A common feature of osteosarcoma is that it metastasizes primarily to the lung (34). Invasion of cancer cells into surrounding tissue and the vasculature is an initial step in tumor metastasis (35). Thus, the invasion ability of tumor cells is closely related to tumor metastasis. Previous studies reported that TRAF4 promotes TGF-β receptor signaling and drives breast cancer metastasis (18); moreover, TRAF4 modulates tight junctions and promotes cell migration (17). Our results reveal that TRAF4 expression was higher in osteosarcoma tissue from a patient with lung metastases than in those without metastases, indicating that TRAF4 is a critical molecule during osteosarcoma metastasis. Further in vitro analysis confirmed that TRAF4 overexpression enhanced cell invasion, providing evidence of the positive role of TRAF4 in osteosarcoma metastasis.

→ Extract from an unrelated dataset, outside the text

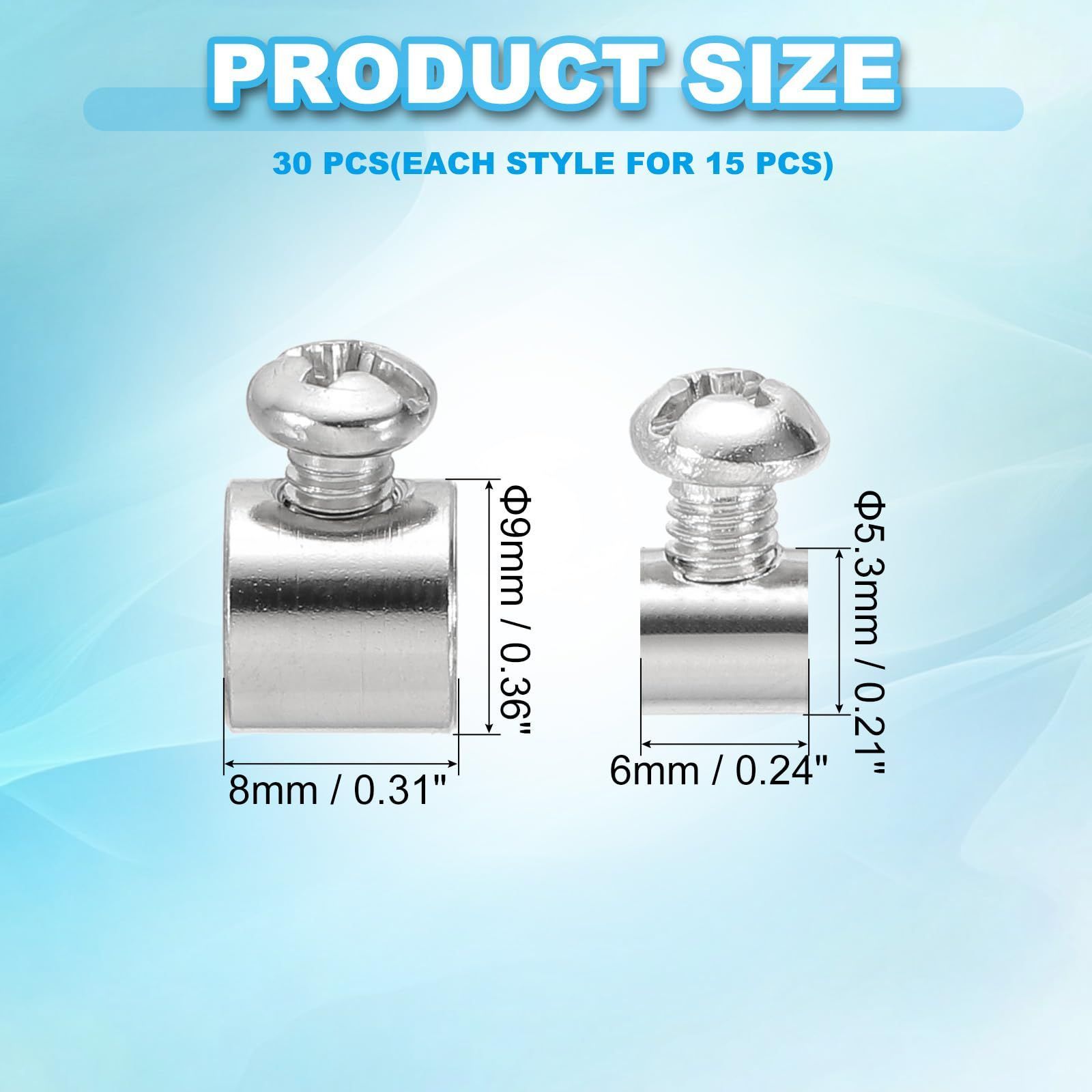仕様:カラー:シルバー;主素材:金属;ネジ素材:炭素鋼;表面仕上げ:電気めっき;全体サイズ:10 x 4 x 5 mm(長さ×幅×高さ);梱包リスト:30 x ワイヤーロープクリップ
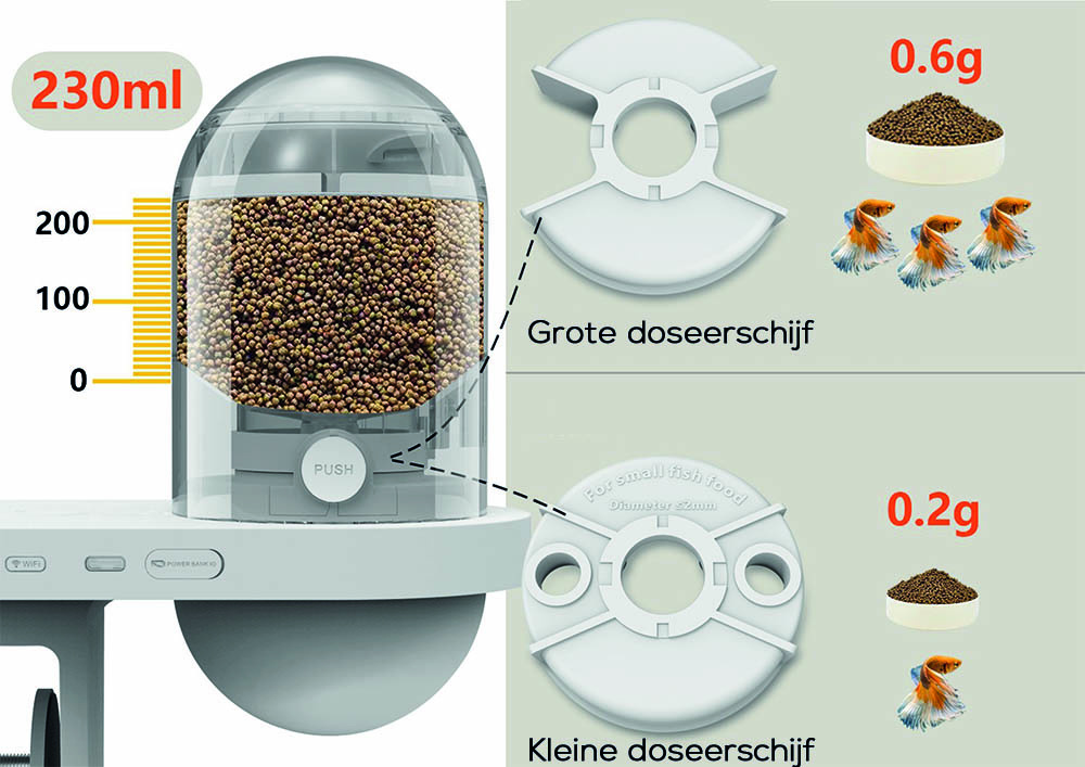 De Visual Fish Feeder is geschikt voor droogvoer van 0,3 tot 5 mm, zoals pellets en kleine sticks (niet geschikt voor vlokvoer). Het apparaat wordt gevoed via een USB-C aansluiting en beschikt over een voercontainer van 230 ml die het voer droog en vers houdt.

The serine/threonine kinase Akt is a central node in cell signaling downstream of growth factors, cytokines, and other cellular stimuli (30). As a key molecule of this pathway, Akt is relevant to cancer cell survival, proliferation (increased cell number), and growth (increased cell size) (30,36,37). To further clarify the underlying mechanism involved in TRAF4-induced osteosarcoma cell proliferation and invasion, we detected Akt phosphorylation after TRAF4 transfection. As expected, TRAF4 upregulation promoted the activation of the Akt signaling pathway. When this signaling was blocked with Akt siRNA, cell proliferation induced by TRAF4 was decreased. It has been reported that Akt can promote cell invasion in prostate cancer (38) and by increased motility and metalloproteinase production in the HT1080 cell line (39). To further explore the mechanism of TRAF4 in promoting osteosarcoma cell invasion, we analyzed Akt function on TAFR4-induced cell invasion. The results show that Akt siRNA impaired the TAFR4-dependent enhancement of osteosarcoma cell invasion. Together, these results suggest that TRAF4 enhances osteosarcoma cell proliferation and invasion partially by the Akt signaling pathway.

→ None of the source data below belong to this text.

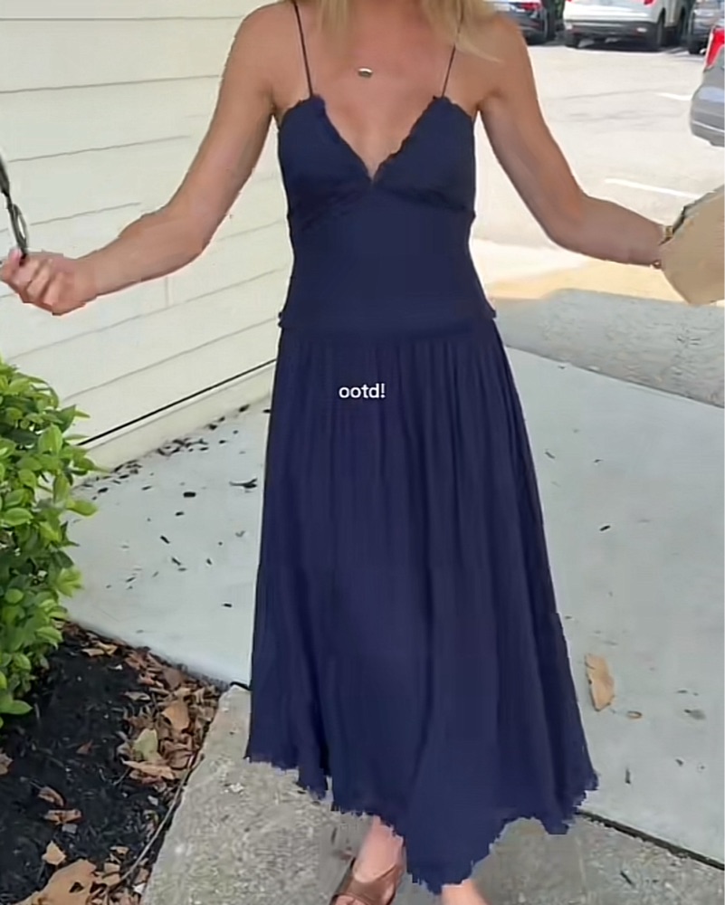 Beautiful dress, fits like a size S and has adjustable straps. Middle section is super flattering/sucks you in. Perfect for weddings, bridal showers, beach, etc. Sold out online
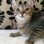 Az első időkben megközelíthetetlen volt, rettegett minden cicától és embertől. Eddigi élete során minden falatért, minden kicsi helyért küzdenie kellett., így étkezések során a kutyákat megszégyenítő módon morogva, csapkodva védte a tányérkáját. Mára szerencsére ez a viselkedés sokat változott. Az első reakció a felé nyújtott kéz láttán még mindig a félelem, de néhány másodperc után már boldogan domborítja kis hátát, arcát simogatásra, és kurjongatva követeli a folytatást. 🙂
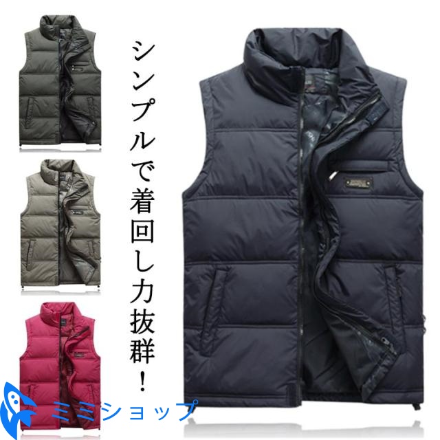■立ち襟 ダウンベスト ノースリーブジャケット カジュアルジャケット ショートコート ダウン90% メンズベスト スタンドカラー トップス 暖
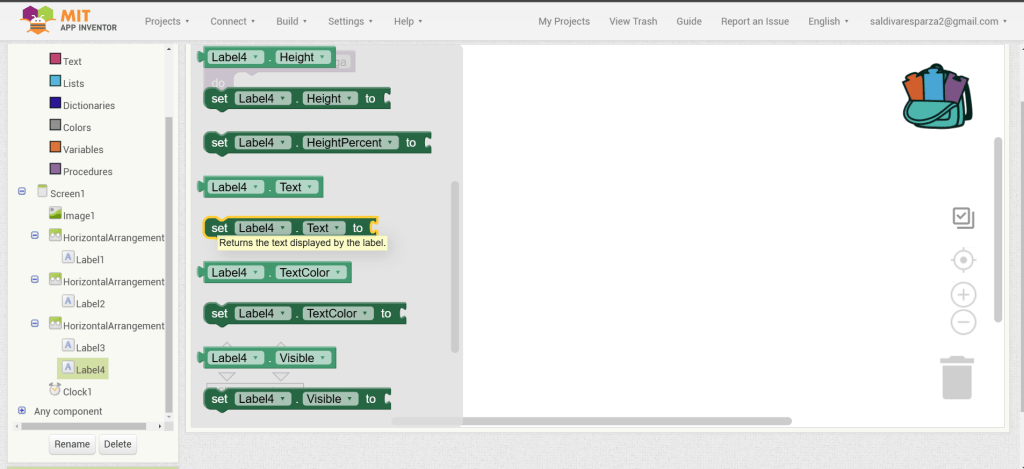 23. Hacemos clic en la segunda etiqueta del tercer arreglo y seleccionamos la propiedad de texto y lo ensamblamos en el bloque anterior.

In summary, TRAF4 was confirmed in this study to be overexpressed in human osteosarcoma. Furthermore, TRAF4 may facilitate osteosarcoma progression by enhancing osteosarcoma cell proliferation and invasion partially through the Akt signaling pathway. Our research suggests that TRAF4 plays a critical role in osteosarcoma and may serve as a potential target against osteosarcoma.